A background check system is not in itself a restriction of the Second Amendment right to keep and bear arms. It is only a means to ensure that sellers of firearms do not transfer handguns to a prohibited classes of owners. Indeed, the background check system would appear to be a vital mechanism to ensure that firearms sellers do not violate the terms of the national Gun Control Act. These restrictions have existed in federal law for 45 years and have not been constitutionally invalidated by the courts.
Yoo concludes that “the expansion of the background check system will more effectively achieve the purposes of the 1968 Gun Control Act.”
Senators can certainly argue the background check is useless or that it is wrong to inflict any hardship on lawful gun owners, but at this point the only real objection to the background check is that there should be no more anti-gun legislation at all. Toomey, it appears, reduced the background-check bill to the level of a mere nuisance for legal gun owners.
Before that analysis was available, however, the Senate voted 68 to 31 to move to debate on the bill. That vote is meaningless, with two exceptions. The 16 Republicans and some of the Democrats who voted simply to debate the measure likely will not support ending debate nor the bill. In fact, it is almost certain that some Democrats will defect. That is because those two exceptions — Democratic Sens. Mark Pryor and Mark Begich — voted against proceeding to debate. They almost certainly will be no votes at the end and thereby will encourage other red-state senators to jump ship. (Democratic Sen. Max Baucus was already sounding fully aware that Montana voters wouldn’t like more anti-gun laws.)

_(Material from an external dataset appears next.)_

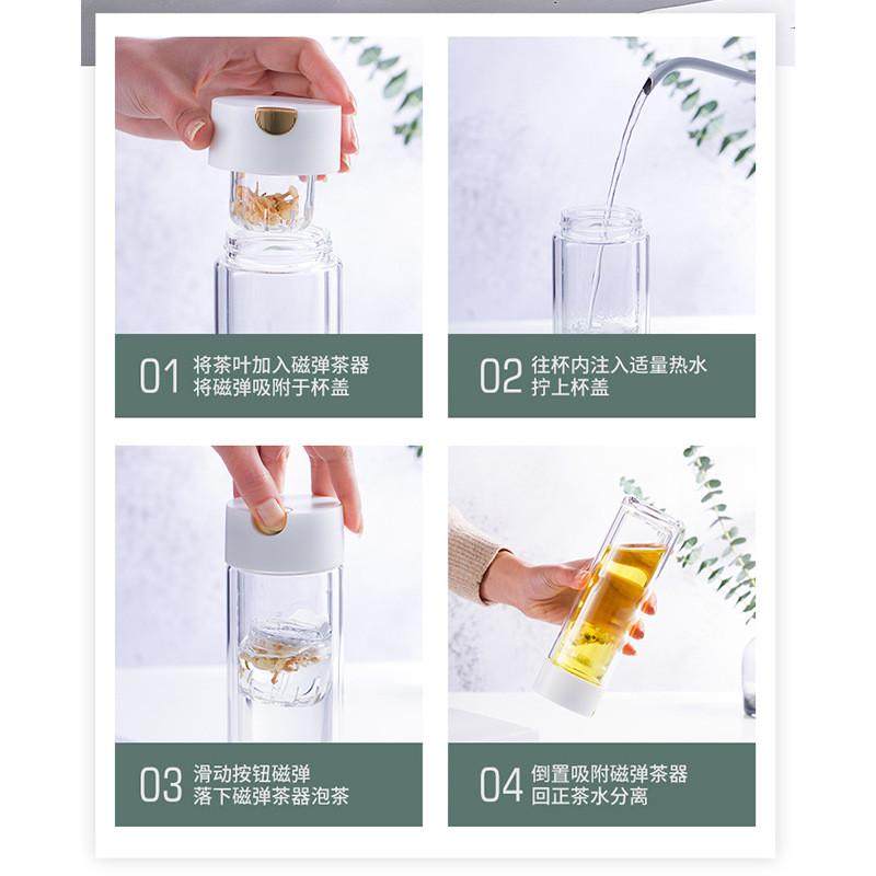 磁弹泡茶杯茶水分离玻璃杯女士大容量高颜值磁吸磁弹水杯茶杯
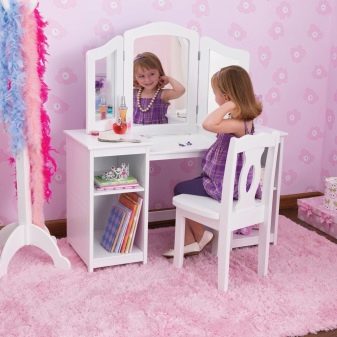 - Parfois, les parents achètent pour les filles un modèle de table avec un miroir intégré, une sorte de petit boudoir. Beaucoup de jeux d'enfants sont basés sur l'imitation des parents et les filles imitent le plus souvent leurs mères: elles s'occupent des poupées, essaient de cuisiner ou de se peindre. Le miroir de table pour enfants aidera votre enfant à apprendre à prendre soin de lui-même. En outre, de nombreux jeunes enfants ont parfois des problèmes d’élocution. En tant que parents, vous devez travailler sur ces exercices et faire des exercices d’orthophonie devant un miroir. Ce tableau sera donc une aide précieuse pour le développement de votre enfant.

Recognizing that any measure will still have to go through the House (where it will be a hard sell, no matter what is in it), the vote becomes a test for the White House and red-state Democrats. Does the latter risk a vote that, next to their support for Obamacare, may be the most fateful in their term? And really, what protection can the president (who’s virtually taken up residence in Connecticut) afford to senators from Alaska, Arkansas, Louisiana, North Carolina, Montana and the rest? Not much, I would strongly suggest.
The question remains as to whether any yes vote will be impossible for the red-state Democratic senators or whether they will be frantic to find some diluted legislation that can satisfy the White House and not signal the end of their Senate careers.